6    Those amounts do not include interest on costs, which was initially (but is no longer) claimed by Mr McCarthy and appears still to be claimed by Mr King under s 51A(1)(a) of the Federal Court of Australia Act 1976 (Cth). I accept ASIC’s submission that s 51A(1)(a) does not confer power to order interest on costs, as the Full Court held in Flower & Hart v White Industries (Qld) Pty Ltd [2001] FCA 370; (2001) 109 FCR 280 at [57]–[59], [63]–[64] and [76]–[77] (Drummond, Dowsett and Hely JJ), which was followed in Spedding v Nobles (No 2) [2007] NSWCA 87 at [16]–[17] (Basten JA, with whom Beazley and McColl JJA agreed). That position is consistent with the principle subsequently upheld by the High Court that, given the costs of legal proceedings are in the discretion of the Court, until an order for payment of costs is made, there is no obligation or liability to pay them, there is no right to recover them and they do not constitute a contingent claim: Foots v Southern Cross Mine Management Pty Ltd [2007] HCA 56; (2007) 234 CLR 52 at [35]–[36] (Gleeson CJ, Gummow, Hayne and Crennan JJ).

7    The main issue is whether indemnity costs should be payable for the period from the commencement of the proceedings up to 19 June 2025. The second to fifth defendants submit that the circumstances satisfy one or more of the recognised categories of case for indemnity costs as expressed by the Full Court in Melbourne City Investments Pty Ltd v Treasury Wine Estates Ltd (No 2) [2017] FCAFC 116 at [5] (Jagot, Yates and Murphy JJ), namely (i) where allegations are made which ought never to have been made; (ii) where the case is unduly prolonged by groundless contentions; (iii) where the applicant, properly advised, should have known that it had no chance of success; and (iv) where the applicant persists in what should, on proper consideration, be seen to be a hopeless case.

8    ASIC relies on the reasons of Wigney J in Australian Competition and Consumer Commission v Colgate-Palmolive Pty Ltd (No 5) [2021] FCA 246; (2021) 151 ACSR 26 (ACCC v Colgate-Palmolive), which helpfully set out the relevant principles at [6]–[18]. Justice Wigney rightly observed that the descriptions of the types of cases in which an indemnity costs order may be warranted (which are relied upon by the second to fifth defendants in the present case) use expressions which suggest a high degree of certainty concerning the deficiencies in the losing party’s case, and it is not sufficient to establish that the losing party’s case was simply weak or tenuous: at [11]. His Honour also observed that the deficiencies must be sufficiently manifest and clear such that it can be inferred that the losing party would or should have appreciated them when the action was commenced or continued, at least if they had given proper consideration to, or been properly advised about, the merits of their case: at [11]. His Honour also cautioned against reasoning with the benefit of hindsight: at [12].

9    ASIC also submits that there are additional considerations bearing upon the determination of applications for indemnity costs orders against regulators, citing Australian Competition and Consumer Commission v Leahy Petroleum Pty Ltd [2007] FCA 1844 at [24], in which Gray J referred to the significant public responsibilities of the ACCC, and said that excessive readiness to force the ACCC to compensate the winning party to a greater extent than the normal party-party costs incurred might operate as a deterrent to the ACCC against bringing proceedings in the exercise of its public functions.

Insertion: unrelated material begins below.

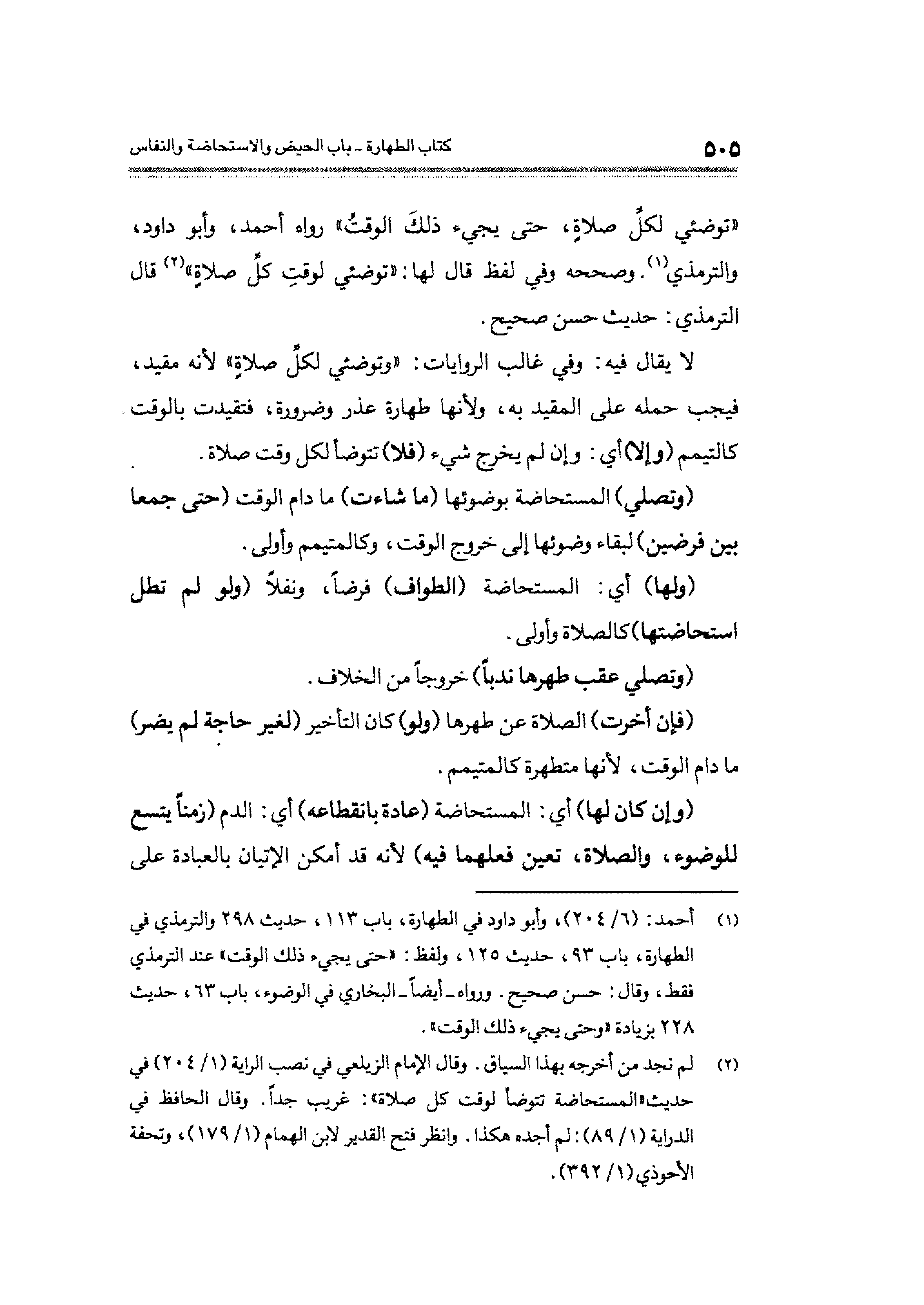 "توضئي لكل صلاةٍ، حتى يجيء ذلكَ الوقتُ" رواه أحمد، وأبو داود، والترمذي (¬١). وصححه وفي لفظ قال لها: "توضئي لوقت كلّ صلاةٍ" (¬٢) قال الترمذي: حديث حسن صحيح.

ASIC also relies on the comment by White J in Australian Competition and Consumer Commission v Australian Egg Corporation Ltd [2016] FCA 447 at [60], to the effect that Gray J’s observations in relation to regulators remain pertinent.

10    In ACCC v Colgate-Palmolive at [15], Wigney J said that caution must be exercised before elevating such observations to a general principle that regulators occupy a special position when it comes to the consideration of orders for indemnity costs. His Honour said that while, on the one hand, it would obviously be generally undesirable to deter the ACCC from bringing proceedings in the exercise of its public function, on the other hand, the ACCC should generally be deterred from commencing or pursuing proceedings if they are such that the ACCC ought to have realised that they were doomed to fail. His Honour said that the Court should generally be slow to infer, in the absence of fairly compelling facts and circumstances, that a regulator charged with important statutory functions and duties would commence or pursue penalty proceedings in enforcement of regulatory legislation in such circumstances. His Honour also noted that a regulator which chooses only to pursue easy cases and easy targets would not be doing its job, and the public responsibilities of regulators mean that they must on occasion pursue hard cases: at [18].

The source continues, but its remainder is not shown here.